Study fails to tie social media with violence

| Updated: December 31, 2017 11:49:43

Study fails to tie social media with violence

Violent extremists use the Internet to attract younger audiences, disseminate contents and foster direct dialogue with young people, a United Nations agency-backed study found, but more research is needed to find out if social media has an effective role in radicalisation.

"Rather than being initiators or causes of violent behaviours, the Internet and social media specifically can be facilitators within wider processes of violent radicalisation," according to a research conducted for the UN Educational, Scientific and Cultural Organisation (Unesco).

The goal of the study was to answer the question: "Does social media lead vulnerable individuals to resort to violence?"

According to the authors, violent radicalisation generally entails a number of tools, and should be seen in the context of other communication platforms and significant social factors, such as the political, social, cultural, economic and psychological causes.

The findings, youth and violent extremism on social media, are based on more than 550 studies in Arabic, English and French which were published in scientific literature and so-called 'grey literature' outside the traditional and publishing channels.
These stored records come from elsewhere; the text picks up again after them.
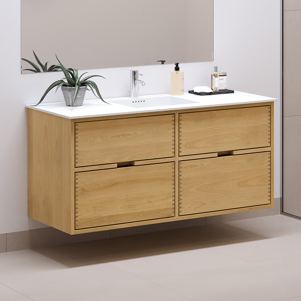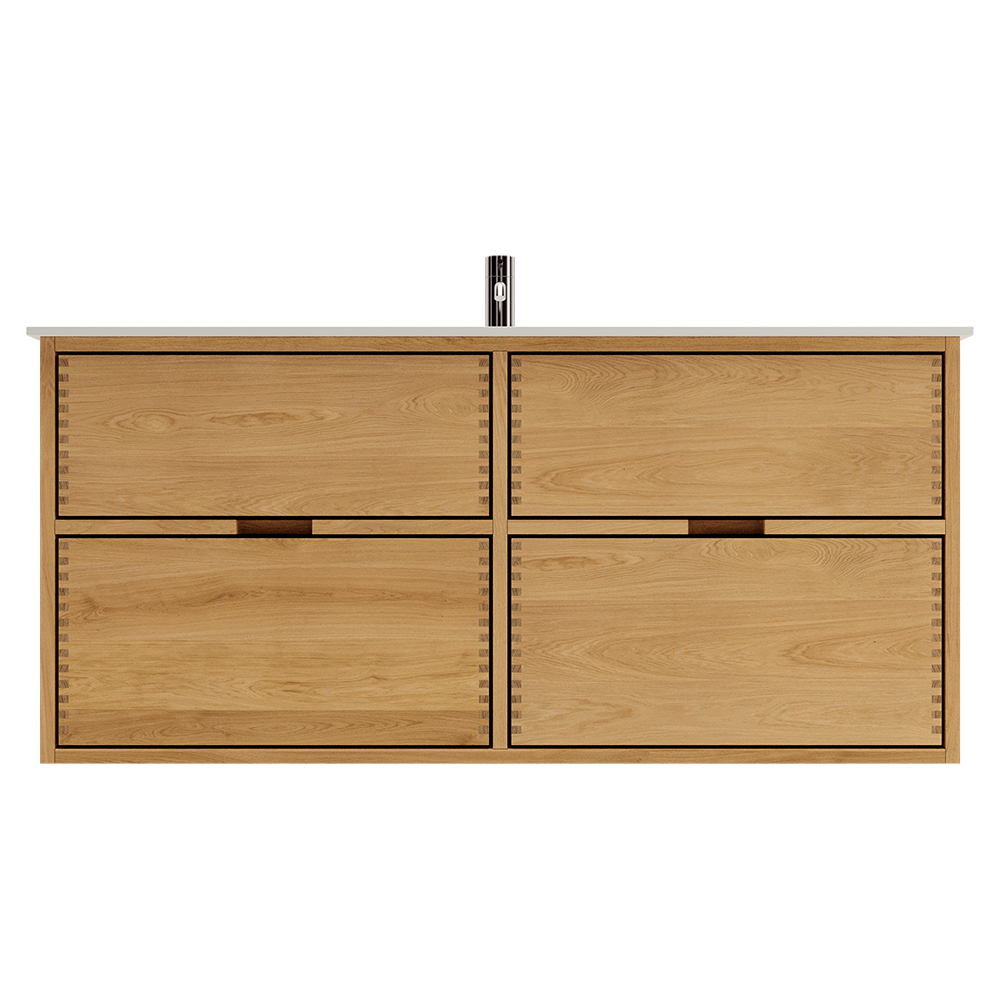 Dit timmerman badkamermeubel heeft 4 laden. Het meubel is gemaakt met massieve, geoliede en vingergetapte houten laden van eikenhout met mooie details. De laden zijn gemaakt met volledige uittrek en softclose en worden geleverd met een wastafeluitsparing in de bovenste lade en volledige diepte in de onderste lade.
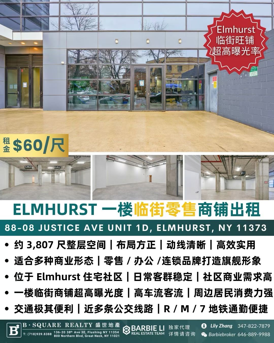 Elmhurst艾姆赫斯特核心街区,这套临街一楼整层商铺,面积约3,807平方尺,拥有极佳的街面展示与高曝光率,适合零售、诊所、品牌展示等多种商业业态,是抢占社区消费主场的理想选择。
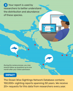 Personal information is stored in the Ocean Wise Sightings Network database to help our scientists contact you if we need more information on a sighting. Sensitive information is not shared outside of Ocean Wise.
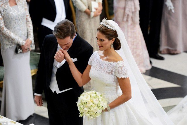 “Party princess”, 30, the youngest of King Carl XVI Gustaf and Queen Silvia’s three children, married British-born financier Chris O’Neill, 38, in Stockholm’s Royal Palace today wearing a breathtaking Valentino wedding gown.

The study also found that the use of social media is meant to foster fear among internet users and to polarise societies, according to UN News Centre.

In response, attempts to combat social media use have not proved effective, but could 'damage online freedoms, especially freedom of expression, freedom of information, privacy and the right to association,' the study reported.

Among other points, the authors recommend that governments should recognise the status of women as both actors and targets of online radicalisations, and support greater representation of women.

The study also recommends that news media avoid "fear-mongering, stereotyping, confirmation bias, fake news and the creation of "media panics", and to reassert the importance of media ethics in the face of radicalisation of young people for violent extremism."

With the rapid growth of Internet and social networks in cyberspace, online radicalisation has become a worldwide issue, especially in Asia.

Online radicalisation in Asia was analysed according to four geographic areas-- Central Asia, South Asia, Southeast Asia and East Asia.